There’s a feature from the Einstein Analytics Spring ’18 release called “Raw fields formulas”. This is an incredibly powerful feature that at first glance, one might not see all of the advanced things you can do with it. I’m going to show you how you can do an incredibly advanced use case, linear modeling, without using ANY SAQL!

In our contrived example, we are going to assume that one measure can provide some insight to extimate another measure. The first measure will assume the value is relatively stable across the deal lifecycle. That is to say it’s easy to know up front. For the second measure, we are assuming that it’s not final until the deal is marked “Closed — Won”, hence the need to predict it’s actual value. In our case, let’s use the Annual Revenue from the parent account, and see if it can help predict the size (Amount) of an individual deal. Our hypothesis is “Large Accounts should generate large deals”, and although there will be exceptions, digging into the “why” may be very informative. In practice, you could use this where any known up front field possibly predicts another field, or you could use this for time based forecasting if you use a date field’s epoch value as the independent variable, but you’re probably better off using the new Timeseries SAQL function for any date based modeling. To learn more about Timeseries, check out Antonio Scaramuzzino’s blog post and Rikke Hovgaard’s blog Post.

What are “raw fields formulas”?

Prior to Spring ’18, formulas built using the Compare Table could only reference other columns. They could do simple math on existing columns, or they could do window functions like sliding window average, running total, or rank of existing column. This was a great way to compositionally build up complex logic. The limitation was that you couldn’t reference fields from the original dataset pre aggregation. The two most common use cases here are percentiles and linear regression which need access to the pre-aggregated data to function properly. To learn more about the old world formulas, see this post.

Pro tip:A single formula can referent columns OR raw fields, but not both within the same formula. A single table (or “step”) can have formulas of both types within it.

Creating a Model

First things first, let’s create a model using the compare table. I’ll open up my dataset in Explorer, and switch to the compare table visualization. Next, I’ll change the first measure to the average of my independent variable, and the second to the average of my dependent variable. You don’t really need to do this, but it may help for sanity checks later.
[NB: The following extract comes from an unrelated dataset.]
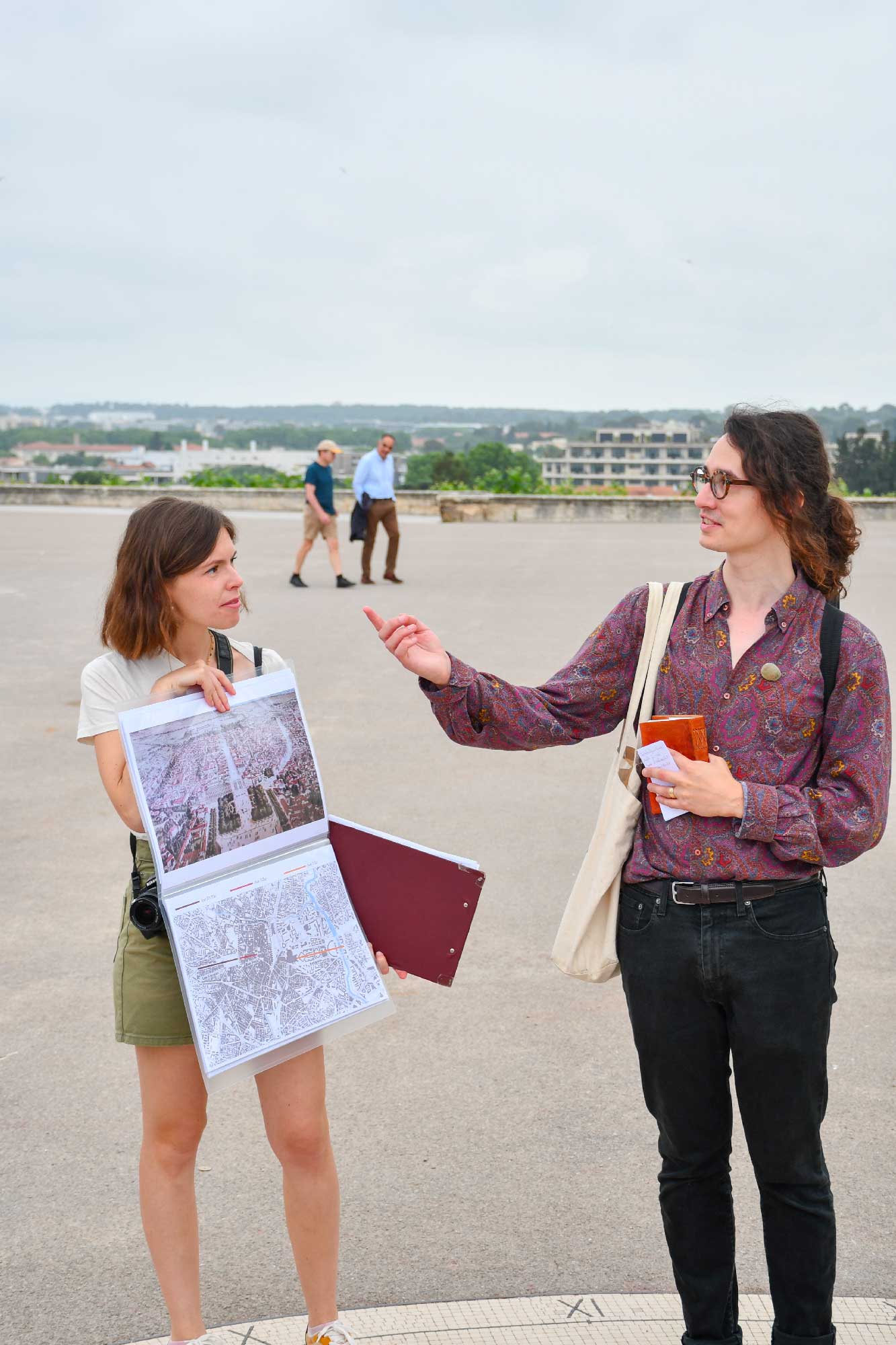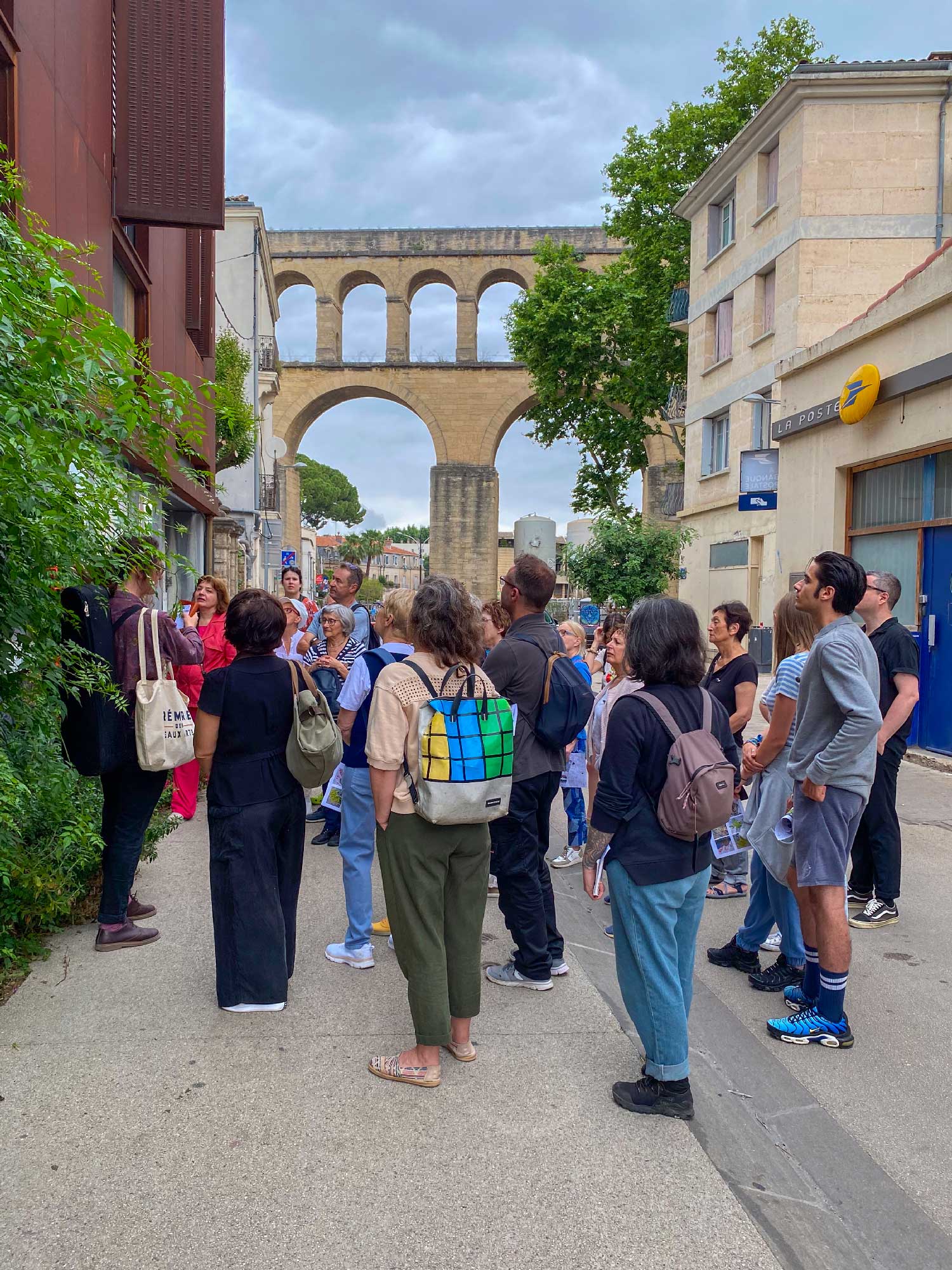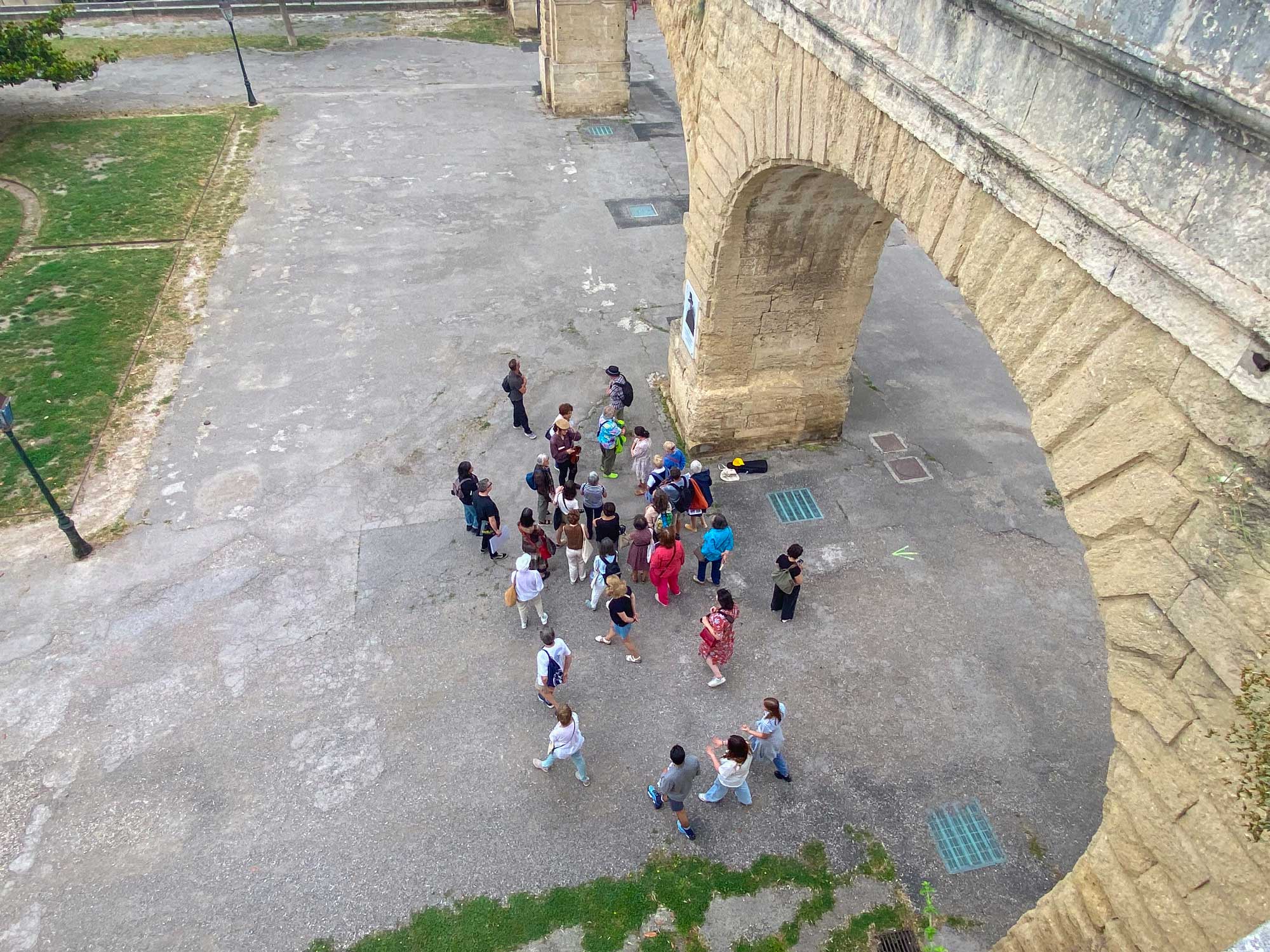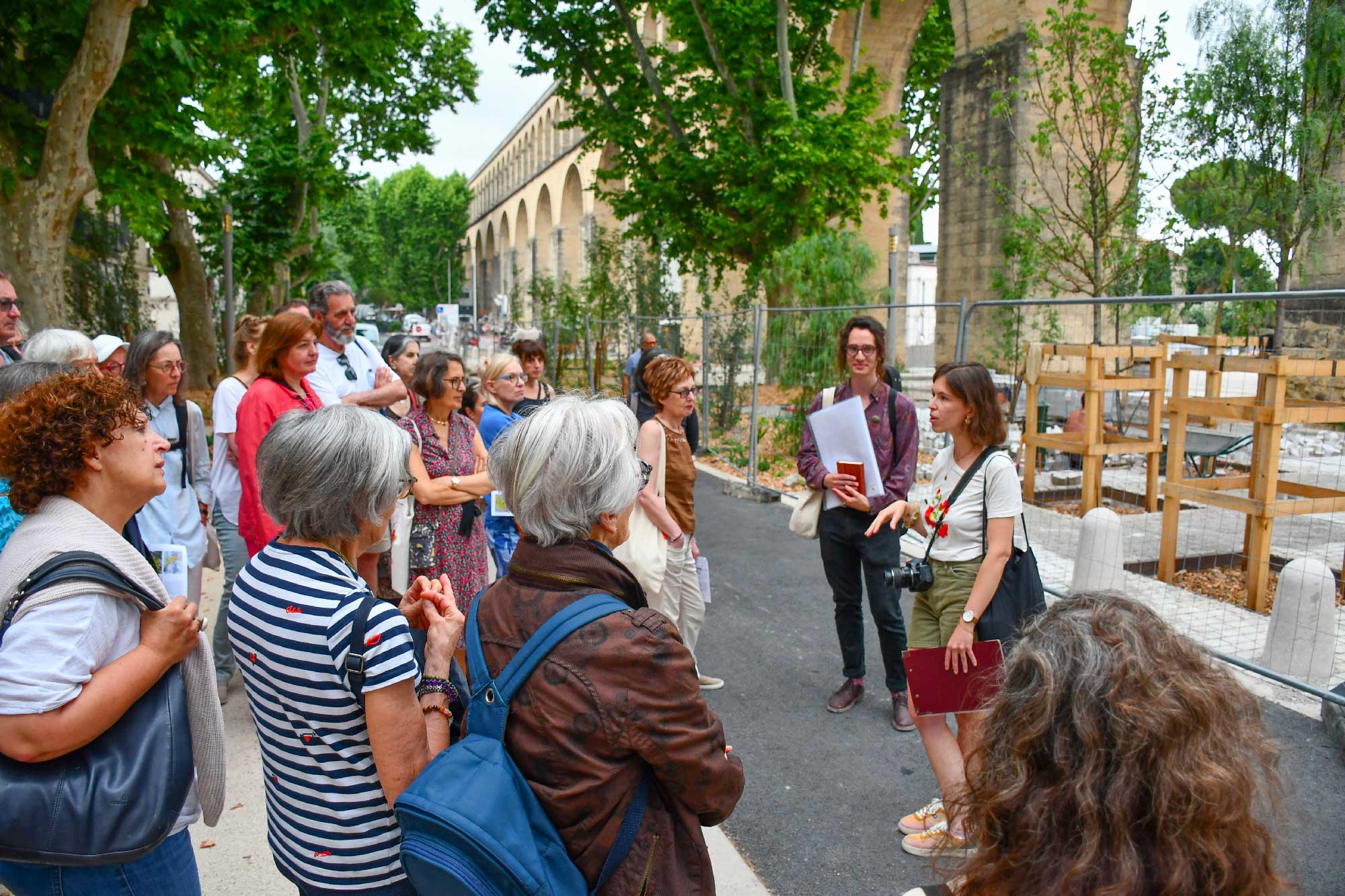 Un arrêt sous l’aqueduc du XVIIIe siècle permet aux participants d’imaginer les usages passés du quartier des “Arceaux” : jeu de tambourin, foire aux ânes et aux bestiaux, parking … et bientôt une place désimperméabilisée et végétalisée ! Là encore, la pierre est au rendez-vous : le calcaire coquillier du monument mais aussi les pavés flambant neufs, en cours d’installation par les artisans.

Now, I’m going to use the formula editor to create three more raw fields formulas. In my case, I’m using ‘Account AnnualRevenue’ to predict ‘Amount’. In your case, you may need to adjust the arguments to the two fields you are using from your dataset.

Pro tip:Click the function picker above the formula text area, then press the “r” key on your keyboard to instantly scroll down to the R functions. Once the formula is inserted, you can highlight the left and right arguments and replace there names by selecting from the field picker on the right (once for each argument).

Column C:

regr_slope(Amount, 'Account.AnnualRevenue')

Column D:

regr_intercept(Amount, 'Account.AnnualRevenue')

Column E (optional):

regr_r2(Amount, 'Account.AnnualRevenue')

Also, for my training data, I only want to incorporate deals that I have won, so I’m going to add an additional filter for Stage Name is equal to “Closed Won”. This is to prevent incomplete or “censored” data from affecting my model.

After which my table looks like this:

Table results for our model

So I will add this as a step to my dashboard. I’ll name it “model”. The system will give it a dev name of “model_1”. (This name is important later as you will need it to get your bindings right.)

Creating a target step on which to apply your model

Now create a target step, Let’s just start by cloning our model step. First, I’ll add a grouping. I’m going to group by Sales Rep, also known as “Owner Name”. I’m going to modify the filter on the step so that it is only applying the model to open opportunities, since those are the ones I want the most insights on. I’ll modify the Lens Filter on the compare table like the below image.

Now I’m going to modify the 3 formulas.

I’ll replace the slope with some placeholder text like “123” (you’ll find out why below).

123

The Intercept will be “456”

456

For the fifth column, I will change the name to “Predicted”, and the formula to:

C*A+D

For clarity I’ve also gone and changed the names of the first two columns to “Independent” and “Actual”. This produces the below table.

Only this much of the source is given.